§ **Given data**
════════════════

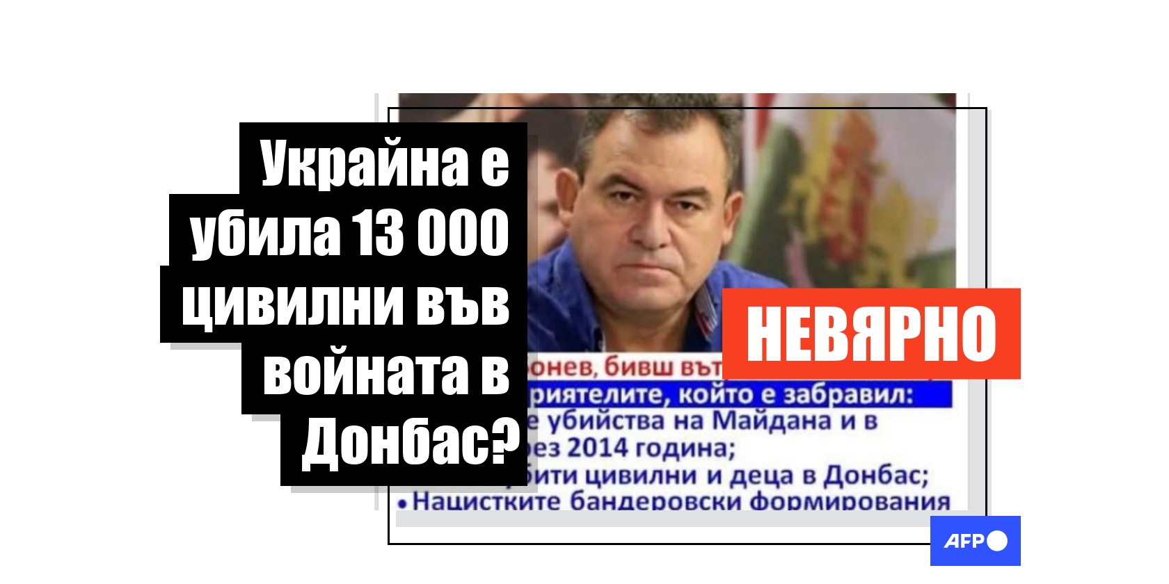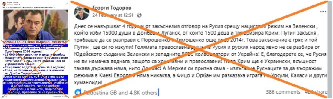 Други публикации в същата социална мрежа споделят текст, приписван на бившия български министър на вътрешните работи Богомил Бонев, в който се твърди, че "13 000 цивилни и деца са убити в Донбас". Намерихме такъв текст в публикация на Бонев във Facebook от март 2022 г.
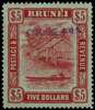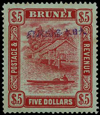 Japanese Occupation. 1942-4 $5 carmine on green paper large part o.g., fine. BPA Certificate (1995). SG J18, £1000
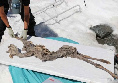 Kaiser è riuscito a coinvolgere l’Istituto per lo studio delle mummie dell’EURAC Research. Qualche giorno fa, il sensazionale ritrovamento è stato recuperato dagli specialisti dell’EURAC con l’aiuto degli alpini. La carcassa è stata trasportata in aereo al NOI Techpark di Bolzano, dove si trova l’Istituto per lo studio delle mummie. Conservata in un’apposita cella frigorifera, durante i prossimi mesi la mummia di camoscio sarà oggetto di approfonditi esami. I ricercatori sperano di ottenere risultati significativi da utilizzare per elaborare un protocollo di conservazione valido a livello mondiale per le mummie dei ghiacci, come quella di Ötzi.

════════════════

§ **Exercise requirements**
Set down the data above exactly as written. Omit the pictures.

§ **Result of this exercise**
 Други публикации в същата социална мрежа споделят текст, приписван на бившия български министър на вътрешните работи Богомил Бонев, в който се твърди, че "13 000 цивилни и деца са убити в Донбас". Намерихме такъв текст в публикация на Бонев във Facebook от март 2022 г.
 Japanese Occupation. 1942-4 $5 carmine on green paper large part o.g., fine. BPA Certificate (1995). SG J18, £1000
 Kaiser è riuscito a coinvolgere l’Istituto per lo studio delle mummie dell’EURAC Research. Qualche giorno fa, il sensazionale ritrovamento è stato recuperato dagli specialisti dell’EURAC con l’aiuto degli alpini. La carcassa è stata trasportata in aereo al NOI Techpark di Bolzano, dove si trova l’Istituto per lo studio delle mummie. Conservata in un’apposita cella frigorifera, durante i prossimi mesi la mummia di camoscio sarà oggetto di approfonditi esami. I ricercatori sperano di ottenere risultati significativi da utilizzare per elaborare un protocollo di conservazione valido a livello mondiale per le mummie dei ghiacci, come quella di Ötzi.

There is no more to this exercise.